*Source information*.
#####
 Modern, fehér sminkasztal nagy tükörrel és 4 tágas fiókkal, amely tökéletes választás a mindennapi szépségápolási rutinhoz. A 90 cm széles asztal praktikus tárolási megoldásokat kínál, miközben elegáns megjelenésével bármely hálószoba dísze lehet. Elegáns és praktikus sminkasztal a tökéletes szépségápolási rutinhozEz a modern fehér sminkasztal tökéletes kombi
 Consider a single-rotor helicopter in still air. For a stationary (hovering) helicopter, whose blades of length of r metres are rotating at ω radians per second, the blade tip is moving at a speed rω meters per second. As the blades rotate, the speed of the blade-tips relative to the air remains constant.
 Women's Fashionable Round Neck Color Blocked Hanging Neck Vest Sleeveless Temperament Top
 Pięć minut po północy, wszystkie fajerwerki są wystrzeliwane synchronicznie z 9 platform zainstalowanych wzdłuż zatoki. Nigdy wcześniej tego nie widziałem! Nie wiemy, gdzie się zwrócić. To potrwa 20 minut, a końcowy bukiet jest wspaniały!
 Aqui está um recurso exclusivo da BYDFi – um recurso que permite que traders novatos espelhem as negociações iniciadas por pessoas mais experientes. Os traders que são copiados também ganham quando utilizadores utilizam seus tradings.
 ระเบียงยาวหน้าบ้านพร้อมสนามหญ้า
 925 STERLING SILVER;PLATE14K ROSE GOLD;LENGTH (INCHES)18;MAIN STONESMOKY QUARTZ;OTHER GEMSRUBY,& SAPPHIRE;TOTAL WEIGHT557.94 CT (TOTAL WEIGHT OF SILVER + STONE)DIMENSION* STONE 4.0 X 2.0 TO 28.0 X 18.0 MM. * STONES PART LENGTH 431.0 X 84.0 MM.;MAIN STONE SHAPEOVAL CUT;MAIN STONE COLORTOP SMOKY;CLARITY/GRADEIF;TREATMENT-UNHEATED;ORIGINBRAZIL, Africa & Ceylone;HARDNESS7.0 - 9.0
#####
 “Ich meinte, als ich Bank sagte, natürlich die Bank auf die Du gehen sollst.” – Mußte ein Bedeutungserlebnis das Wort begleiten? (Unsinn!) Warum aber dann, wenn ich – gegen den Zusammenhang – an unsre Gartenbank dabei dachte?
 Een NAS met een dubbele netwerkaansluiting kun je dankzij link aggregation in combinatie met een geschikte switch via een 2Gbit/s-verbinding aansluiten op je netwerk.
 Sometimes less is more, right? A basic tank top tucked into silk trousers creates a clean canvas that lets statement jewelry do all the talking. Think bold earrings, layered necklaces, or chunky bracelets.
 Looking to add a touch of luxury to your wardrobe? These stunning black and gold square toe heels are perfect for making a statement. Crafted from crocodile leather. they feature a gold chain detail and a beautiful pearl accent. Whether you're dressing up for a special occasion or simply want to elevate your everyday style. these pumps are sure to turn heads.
#####
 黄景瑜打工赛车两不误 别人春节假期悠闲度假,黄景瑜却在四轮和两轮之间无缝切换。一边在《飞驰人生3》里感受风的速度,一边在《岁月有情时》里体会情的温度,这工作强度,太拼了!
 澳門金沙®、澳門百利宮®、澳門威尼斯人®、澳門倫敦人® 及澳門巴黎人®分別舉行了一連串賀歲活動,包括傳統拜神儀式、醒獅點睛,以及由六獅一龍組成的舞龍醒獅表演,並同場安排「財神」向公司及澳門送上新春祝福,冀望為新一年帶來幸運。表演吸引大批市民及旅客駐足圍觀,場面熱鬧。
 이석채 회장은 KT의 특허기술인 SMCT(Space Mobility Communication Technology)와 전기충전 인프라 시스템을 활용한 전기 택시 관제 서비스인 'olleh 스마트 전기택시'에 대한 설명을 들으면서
#####
*Assignment*.
Output only the count of lines in the data containing "statement".

*Exercise output*.
2